Provided data:
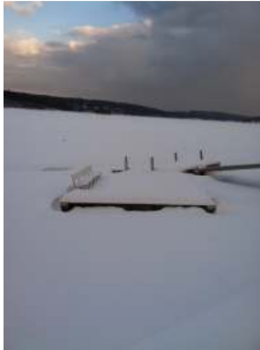
The docks and swim buoy frozen in place
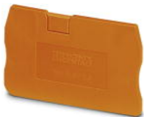
End cover, Length: 48.5 mm, Width: 2.2 mm, Height: 36.5 mm, Color: orange

Please be informed that the data shown in this PDF Document is generated from our Online Catalog. Please find the complete data in the user's documentation. Our General Terms of Use for Downloads are valid ( http://phoenixcontact.com/download )
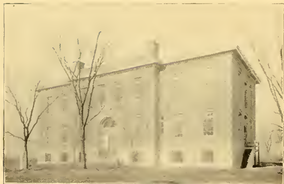
THE SMALLPOX HOSPITAL.
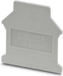
End cover, Length: 42.5 mm, Width: 1.5 mm, Height: 54 mm, Color: gray

Please be informed that the data shown in this PDF Document is generated from our Online Catalog. Please find the complete data in the user's documentation. Our General Terms of Use for Downloads are valid ( http://phoenixcontact.com/download )
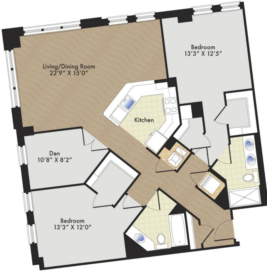
Typical 3rd and 4th levels
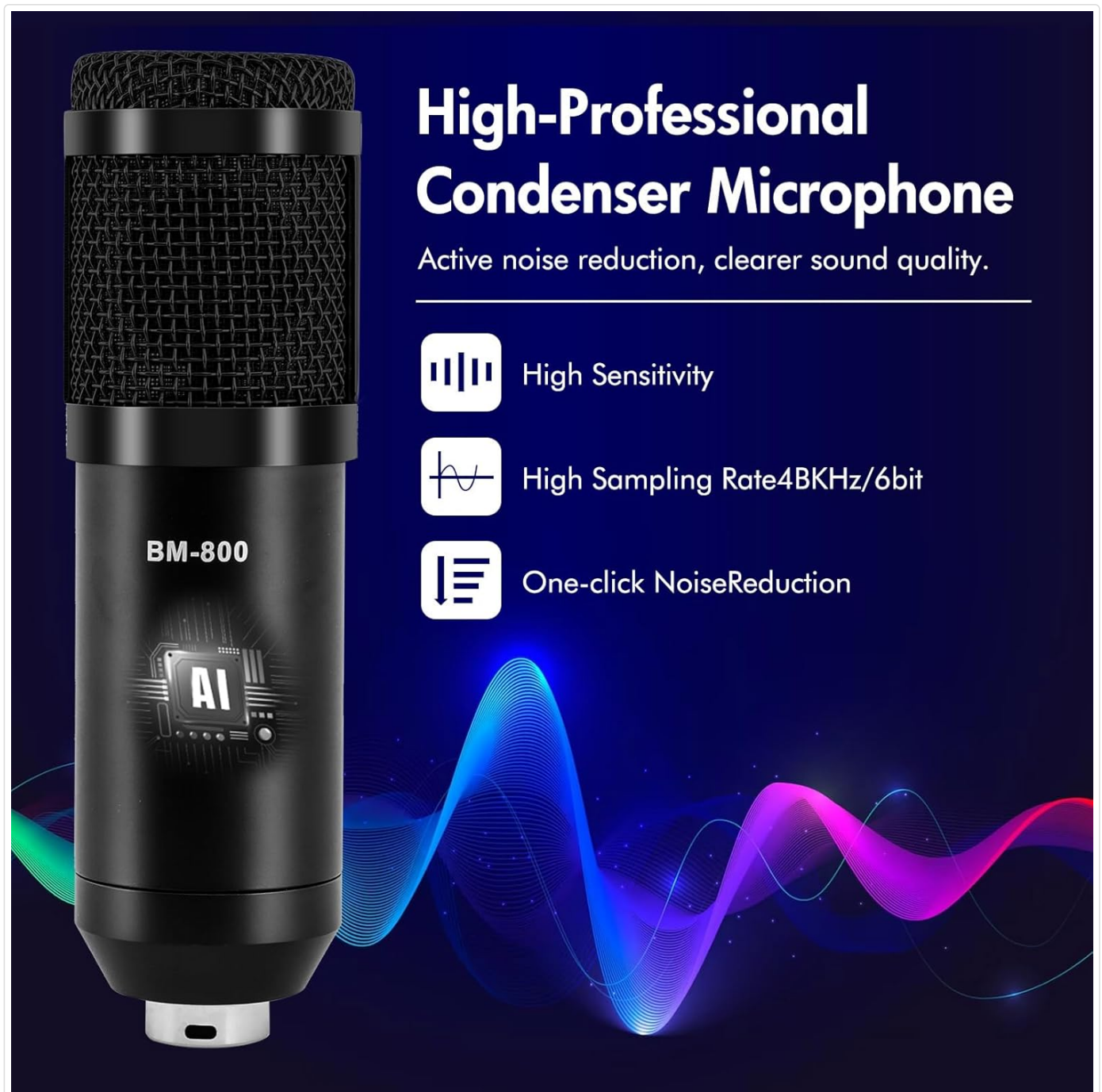
Figure 2: BM-800 Condenser Microphone with shock mount and pop filter attached to the stand.

Exercise brief: Transcribe exactly, and only, the lines from the line with "End cover, Length: 48.5" through the last line of the records, inclusive; the pictures do not belong in the copy.

Exercise response:
End cover, Length: 48.5 mm, Width: 2.2 mm, Height: 36.5 mm, Color: orange

Please be informed that the data shown in this PDF Document is generated from our Online Catalog. Please find the complete data in the user's documentation. Our General Terms of Use for Downloads are valid ( http://phoenixcontact.com/download )
THE SMALLPOX HOSPITAL.
End cover, Length: 42.5 mm, Width: 1.5 mm, Height: 54 mm, Color: gray

Please be informed that the data shown in this PDF Document is generated from our Online Catalog. Please find the complete data in the user's documentation. Our General Terms of Use for Downloads are valid ( http://phoenixcontact.com/download )
Typical 3rd and 4th levels
Figure 2: BM-800 Condenser Microphone with shock mount and pop filter attached to the stand.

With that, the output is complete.